Many complaints are worse in the evening, from a bath, from becoming cold, from inhaling cold air. Rheumatic complaints are common and are aggravated by cold. Every cold seems to affect the joints. This is a marked feature of Calcarea phos .; every change to cold is felt in the joints; from bathing and getting chilled afterwards.

"Tight, suffocative, heavy ache in epigastrium, through to back clothes seem too tight; weak feeling in epigastrium, all aggravated when talking; frequently takes a long breath."

"Shooting from pit of stomach to chest; sharp pain in left chest; slight nausea; dull aching in forehead."

"Aching and shooting in pit of stomach and above it on each side of sternum."

Stomach: The stomach will not digest food, or only the, simplest food; the mucous membrane of the stomach is affected by this remedy like other mucous membranes.

Various pains in the stomach; aching, shooting pains in the pit of the stomach.

"Aching pain in the pit of stomach gradually becoming very severe; sharp stitching pains in stomach extending into chest, and below a sensation of pressure like a lump in pit of stomach, sometimes rising up under sternum, greatly aggravated from motion and somewhat from taking a long breath; generally aggravated after eating, ameliorated by lying perfectly quiet."

It is strange how the stomach symptoms are aggravated by talking.

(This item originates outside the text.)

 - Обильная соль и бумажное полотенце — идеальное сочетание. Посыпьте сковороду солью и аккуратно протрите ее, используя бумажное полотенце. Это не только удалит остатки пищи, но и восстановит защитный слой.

The stomach feels sore, aggravated by talking, walking, inhaling cold air; wants warm things. Very flatulent; full of flatulent pains; pains relieved (Carbo veg.) by belching and passing flatus. Stomach and abdominal pains aggravated by talking, irregular, breathing; must sit in a chair and breathe with perfect regularity. Irregular breathing will cause cough or suffocation.

In the morning hurried to stool like Sulphur.

"Stools, painless, offensive, profuse; brown or black, thin or watery; preceded by pain in abdomen; before stool sudden urging, driving him out of bed in morning."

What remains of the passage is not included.